Thematic Focus: Controlling the Police?

Police Accountability
by Hannah Espín Grau and Marie-Theres Piening

Parallel to the expansion of the powers of the German police, a critical public debate on the role of the police is increasing. The existing mecha­nisms to control the police are of limited efficacy and can only counteract the expansion of power in a piecemeal fashion. Therefore, it seems necessary to build on the momentum of the growing debate, to reconceptualize police control, and to consider how society can be empowered vis-à-vis the police. To this end, the article introduces the concept of “police accountability” and discusses its opportunities and limits regarding a stronger democratic containment of the police.

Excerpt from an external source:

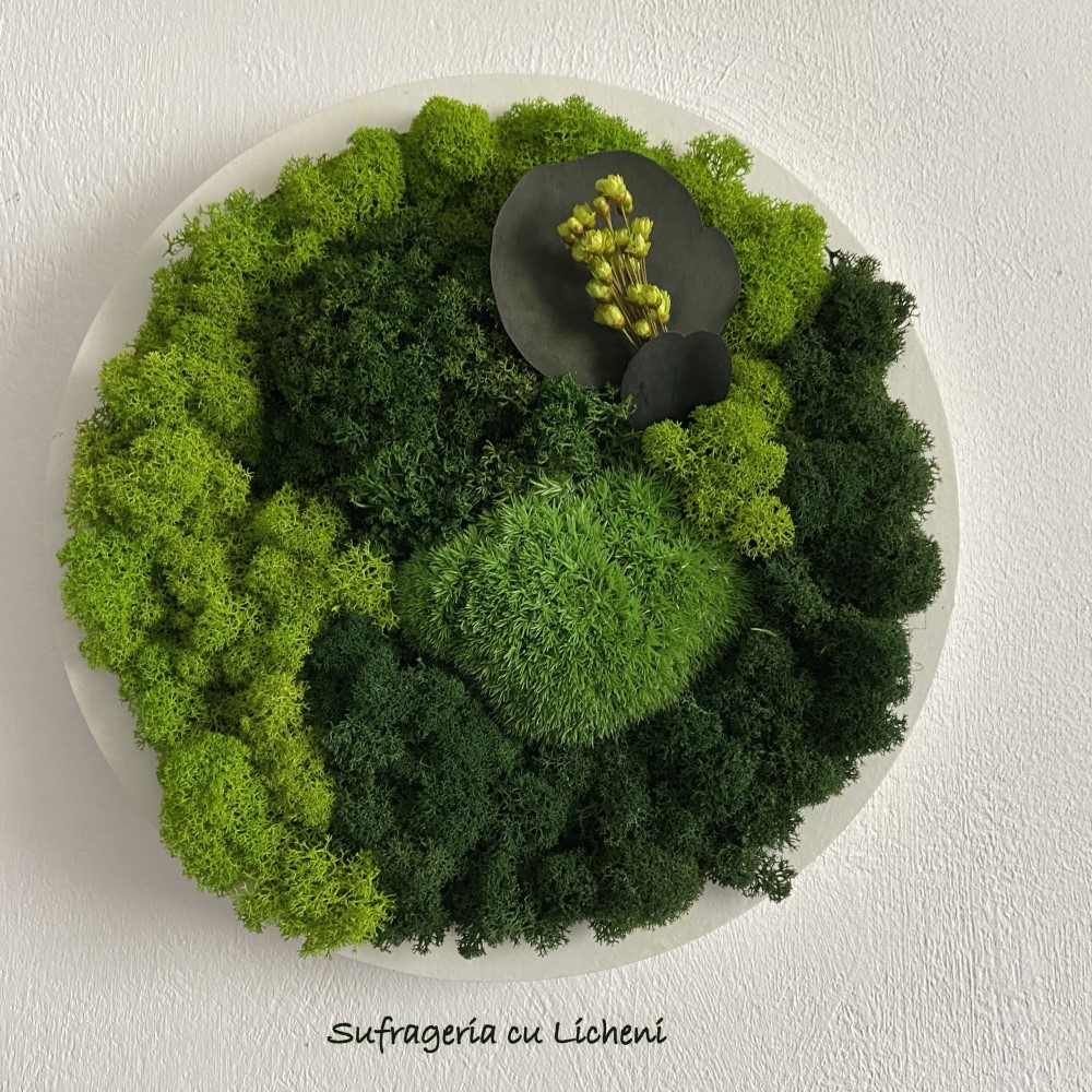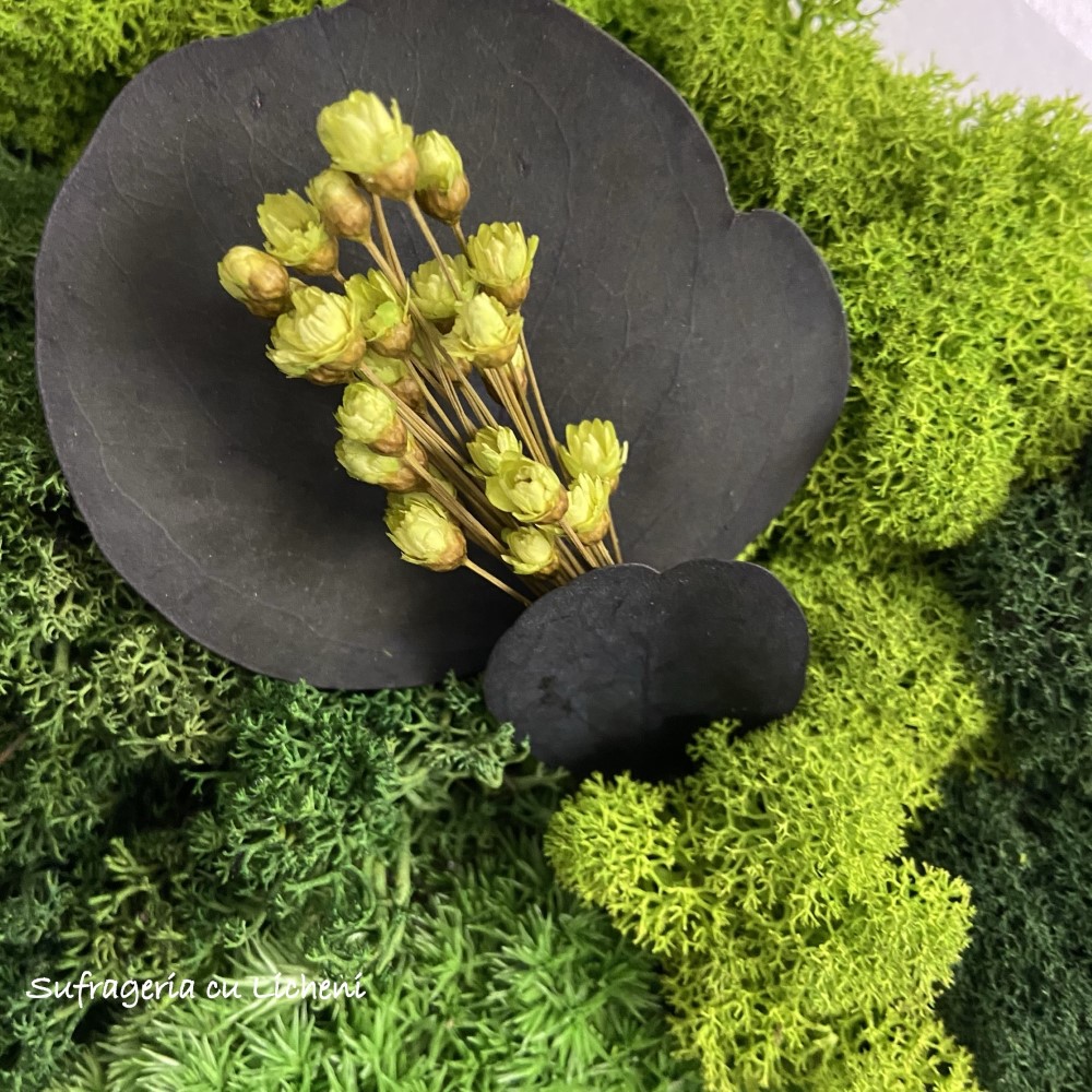 Materiale: Licheni stabilizați, mușchi bombați și mușchi creț, flori și frunze uscate sau stabilizate.
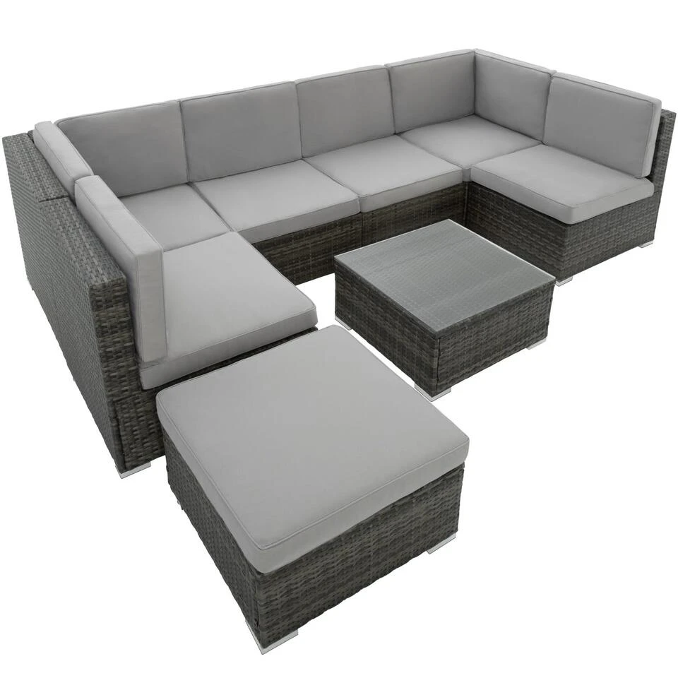 Wat denkt u ervan om de dag te starten met een stijlvol ontbijt in de natuur? Met de hoogwaardige ratan zitgroep van TecTake brengt u behaaglijk wooncomfort in uw tuin. De aantrekkelijke vlechtlook en de verwijderbare zitbekledingen zijn qua kleur perfect op elkaar afgestemd en kunnen moeiteloos gereinigd worden. De aparte elementen van de set kunnen naar wens en behoefte gecombineerd worden. De vlakke tafel op zithoogte met verwijderbaar blad van massief veiligheidsglas is het centrale punt van de meubelgroep. De stabiele constructie van roestvrij stalen schroeven en weerbestendig polyratan is perfect geschikt voor gebruik in open lucht. Beleef uiterst natuurgenot met de comfortabele ratan zitgroep van TecTake.

Parliamentary Police Commissioners
by Marie-Theres Piening, Marius Kühne, and Eric Töpfer

In recent years, six German states have established police commissioners who are elected by parliament. Other states and the federal government are planning to do so. However, the legal and personnel-wise implementation and the practices of handling complaints differ considerably. These institutions are a long way from the independent bodies that have been called for to investigate serious police misconduct liable to disciplinary action or criminal prosecution.

Compulsory Identification of Police Officers
by Norbert Pütter

The compulsory identification of police officers on duty is a controversial issue in Germany for many years. Meanwhile, ten federal states have made identification tags for police officers mandatory; three other states and the federal government intend to do so in the current legislative periods.

Committees of Inquiry as Means of Police Control
by Maximilian Pichl

Due to various scandals and excesses, calls for greater police oversight have increased. However, many of the conventional instruments are proving to be insufficient. Parliamentary committees of inquiry can be used to shed light on the structures of the police apparatus by way of exemplary incidents. However, there are also legal and de facto limits to effective in­vestigation.

Strategic Reviews: Civic Police Control in the UK
by Genevieve Lennon

This article examines different approaches by independent police oversight bodies in the UK to strategic reviews of police conduct. It describes the workings of some of the major UK oversight bodies before examining how His Majesty’s Inspectorate of the Constabulary and Fire and Rescue Services conducted their inspection of police stop and search powers and how this impacted upon police practice. Next, it considers the “super-complaint”, a relatively new procedure whereby designated bodies (typically from the NGO sector) may file a complaint regarding an area of police practice. The discussion highlights the benefits and limitations of these approaches, which offer interesting exemplars for the oversight of police in Germany.

The Memorial against Racism and Police Violence
by Sonja John

Deadly police violence leaves relatives of victims helpless. Existing forms of police control bring neither justice nor comfort. The Memorial for the Victims of Police Violence and Racism in Berlin offers at least a place to be heard and to build connections.

Go Film the Police
Interview with Maren Burkhardt

The “Kampagne für Opfer rassistischer Polizeigewalt” (Campaign for Victims of Racist Police Violence) is calling on the public to document police actions. Video footage can serve to break up hierarchies of credibility between police witnesses and victims. In practice, however, the police regularly prevent videos being recorded. While this practice was initially being based on the Artistic Copyright Law, attempts are now being made to classify remarks by police officers as non-public utterances. As of yet, the legal situation is still unclear, and judicial decisions on the issue are not free of contradictions.

A New Kind of Parliamentary Oversight
by Dirk Burczyk

In 2017, the Joint Parliamentary Scrutiny Group was established to serve as the European and national parliaments’ means of oversight over Europol. This was preceded by tough negotiations that also shaped the committee’s first phase of activity. Conflicts are ongoing: Europol is trying to aggressively use the meetings to present itself favorably, while still only a few of the committee’s members are persistent in trying to exercise their rights.

Non-Thematic Contributions

Shopping for Powers in Fighting Encrochat
by Dirk Burczyk

In 2020, French authorities infiltrated an encrypted communications network named “Encrochat” and diverted thousands of users’ communication data, amounting to mass surveillance. The scavenged data have been introduced as evidence in criminal trials in Germany, as well, and have led to multiple convictions. There remain considerable doubts as to whether the methods are in accordance with the rule of law.

Fatal Police Shootings in 2021
by Otto Diederichs

Eight people died in 2021 by police shooting, 31 people were injured. Three of those killed were experiencing a mental health emergency. None of the eight fatal cases concerned a police action prepared in advance. In one of the fatal cases, a police officer was injured. Of the almost 18.000 shots that were fired by police overall, only one (fired at an object) was considered unlawful.